▸ **Aim of the task**
What is needed is an exact copy of the records below, without the pictures.

▸ **Stored entries**
=-=-=-=-=

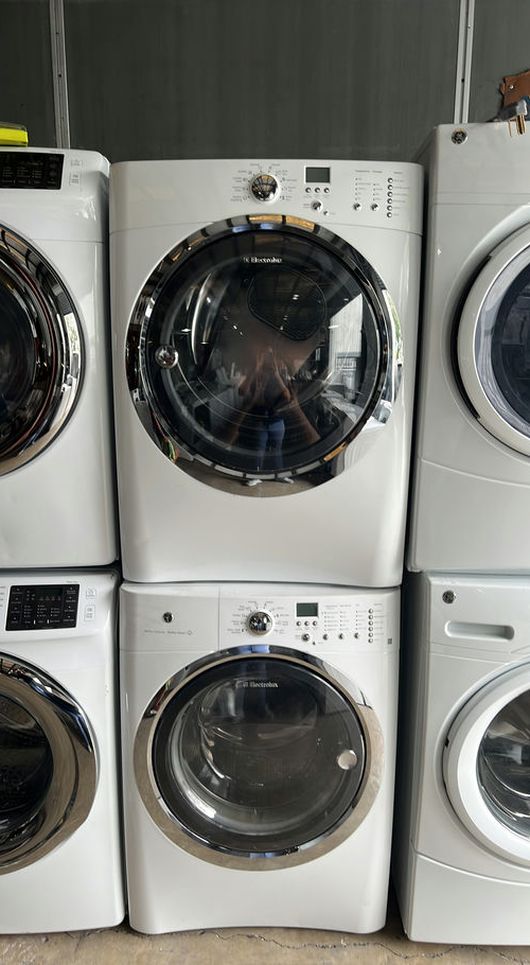 This gently used white Electrolux front load washer and dryer set is in excellent condition. It features a large capacity drum and is both energy-efficient and space-saving. The stackable design is perfect for smaller spaces. With features like SteamDry, SensorDry, and QuietDry, you'll enjoy a seamless and efficient laundry experience. The reversible door adds convenience, making it adaptable to any setup. Comes with 60-day warranty Same day delivery available DM / Message us for more info Hablamos español
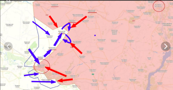 ВСУ сильно напирают в районе Балаклеи. Нагло и уверенно. При этом маски сброшены окончательно. Весь интернет обошли ролики с украинскими танками с намалеванными крестами а-ля Вермахт, а известный пропагандист Тарас Березовец под камеру снял флаг с флагштока в захваченном украми селе. Флаг представлял из себя копию Знамени Победы. Мне очень интересно, как после этого будут себя вести разные там Галкины, Гребенщиковы и Макаревичи в купе со множеством проукраински настроенных граждан России. Но речь в заметке не об этом.
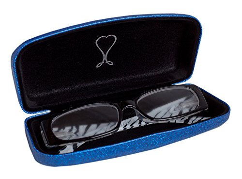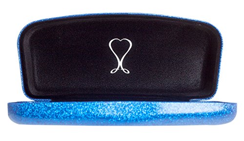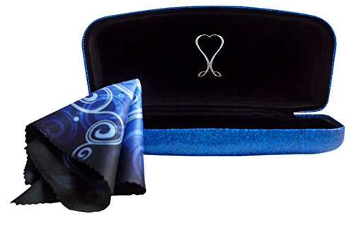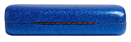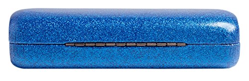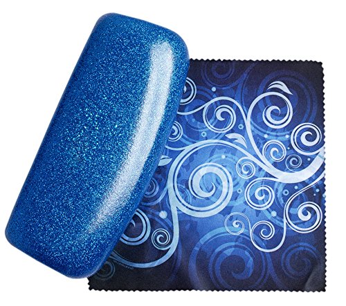 Sapphire Blue Medium Premium Fashion Women's Hard Eyeglasses Case | Smooth Glitter | Bonus Cleaning Cloth
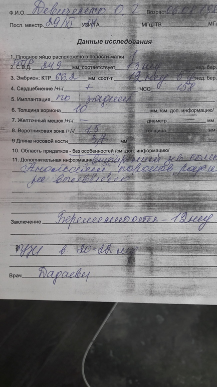 Врач мне не понравился.Первый раз я к ней пришла 21 февраля в 12 недель по месячным.Она сказала,что ребенок на 11 и 2 и для скрининга очень рано.Отправила гулять до 3 марта.В принципе по результатам УЗИ все замечательно,но меня смутило,что органы внутренние не расписаны в УЗИ.Не могла она решить какое прикрепление хориона.Методом тыка -по задней стенке.
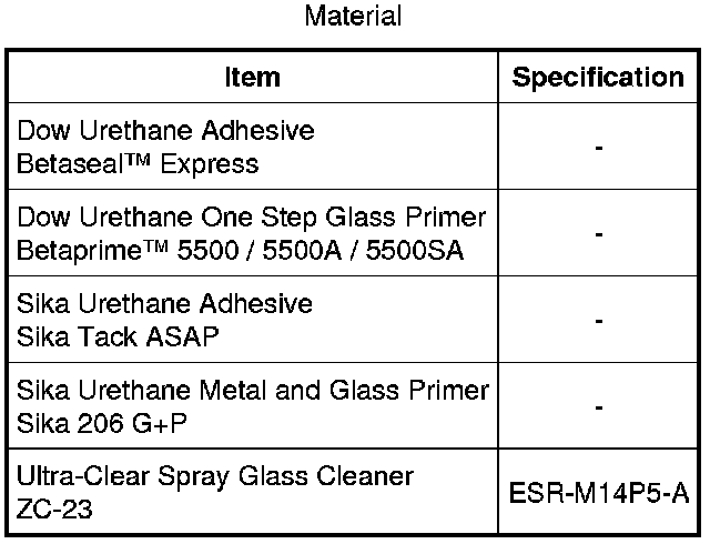 NOTE: Be sure to use the same brand and cure-rate products for the urethane adhesive and glass primer. Do not mix different brands of urethane adhesive and glass primer. For additional information, refer to the Material Chart in this procedure.
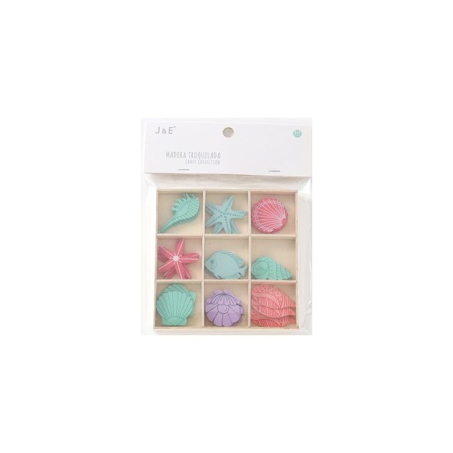 Estatuetas do mundo marinho em madeira - 27 unidades
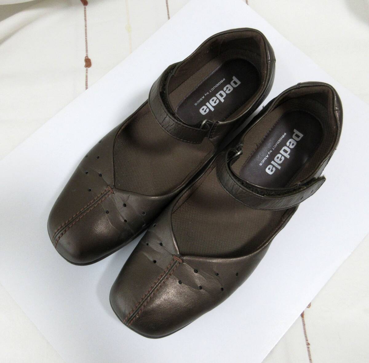 - pedala asics walking ペダラ アシックス 23.5cmEEE 3E フラットシューズ ブロンズブラウン 茶系 レザー 本革 ストラップサンダル パンプス
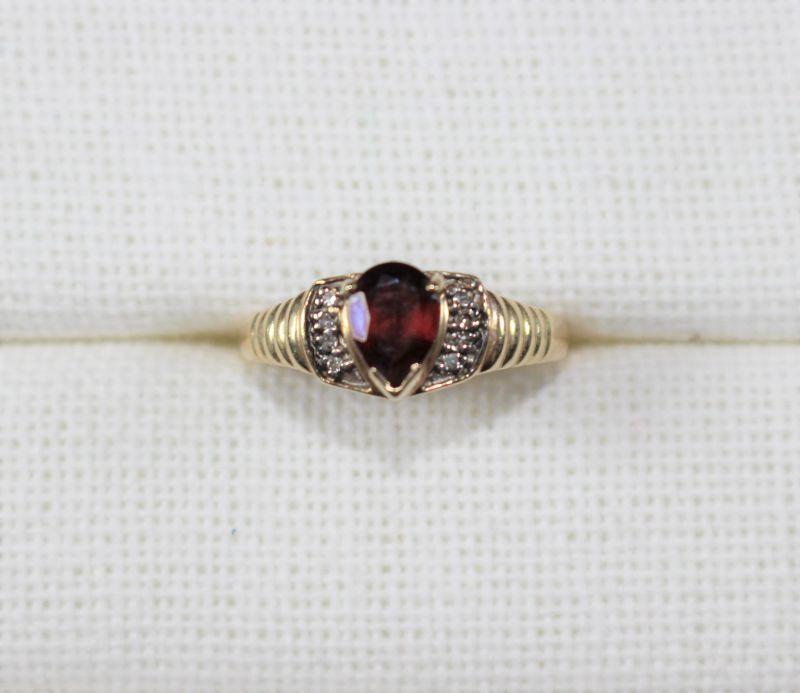 LOT#H371: Stamped 14K Gold Ring w/ Garnet Colored Stone [2.5g]
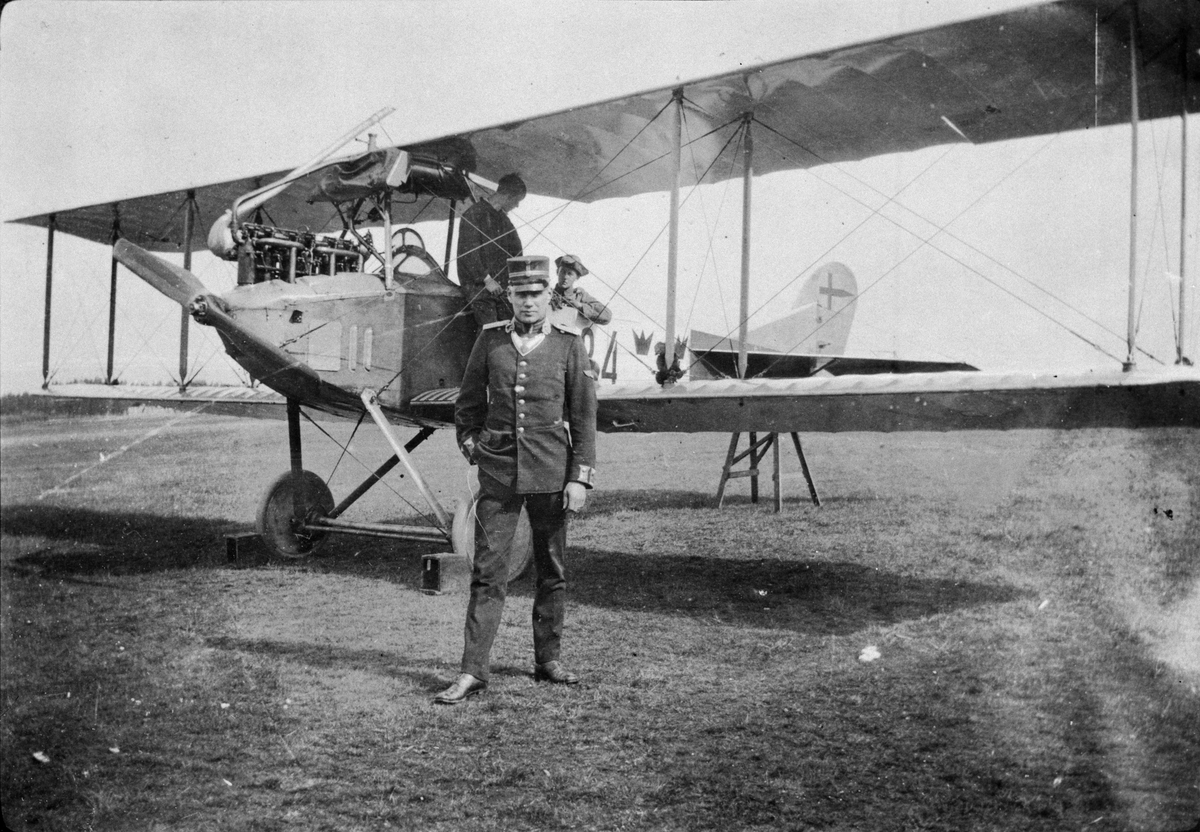 Flygplan NAB 9, Albatros nr 854 står uppställd på bock på ett flygfält. En flygspanare står framför flygplanet och två flygmekaniker sitter i flygplanet. Omkring 1919-1925.

=-=-=-=-=

▸ **Task answer**
 This gently used white Electrolux front load washer and dryer set is in excellent condition. It features a large capacity drum and is both energy-efficient and space-saving. The stackable design is perfect for smaller spaces. With features like SteamDry, SensorDry, and QuietDry, you'll enjoy a seamless and efficient laundry experience. The reversible door adds convenience, making it adaptable to any setup. Comes with 60-day warranty Same day delivery available DM / Message us for more info Hablamos español
 ВСУ сильно напирают в районе Балаклеи. Нагло и уверенно. При этом маски сброшены окончательно. Весь интернет обошли ролики с украинскими танками с намалеванными крестами а-ля Вермахт, а известный пропагандист Тарас Березовец под камеру снял флаг с флагштока в захваченном украми селе. Флаг представлял из себя копию Знамени Победы. Мне очень интересно, как после этого будут себя вести разные там Галкины, Гребенщиковы и Макаревичи в купе со множеством проукраински настроенных граждан России. Но речь в заметке не об этом.
 Sapphire Blue Medium Premium Fashion Women's Hard Eyeglasses Case | Smooth Glitter | Bonus Cleaning Cloth
 Врач мне не понравился.Первый раз я к ней пришла 21 февраля в 12 недель по месячным.Она сказала,что ребенок на 11 и 2 и для скрининга очень рано.Отправила гулять до 3 марта.В принципе по результатам УЗИ все замечательно,но меня смутило,что органы внутренние не расписаны в УЗИ.Не могла она решить какое прикрепление хориона.Методом тыка -по задней стенке.
 NOTE: Be sure to use the same brand and cure-rate products for the urethane adhesive and glass primer. Do not mix different brands of urethane adhesive and glass primer. For additional information, refer to the Material Chart in this procedure.
 Estatuetas do mundo marinho em madeira - 27 unidades
 - pedala asics walking ペダラ アシックス 23.5cmEEE 3E フラットシューズ ブロンズブラウン 茶系 レザー 本革 ストラップサンダル パンプス
 LOT#H371: Stamped 14K Gold Ring w/ Garnet Colored Stone [2.5g]
 Flygplan NAB 9, Albatros nr 854 står uppställd på bock på ett flygfält. En flygspanare står framför flygplanet och två flygmekaniker sitter i flygplanet. Omkring 1919-1925.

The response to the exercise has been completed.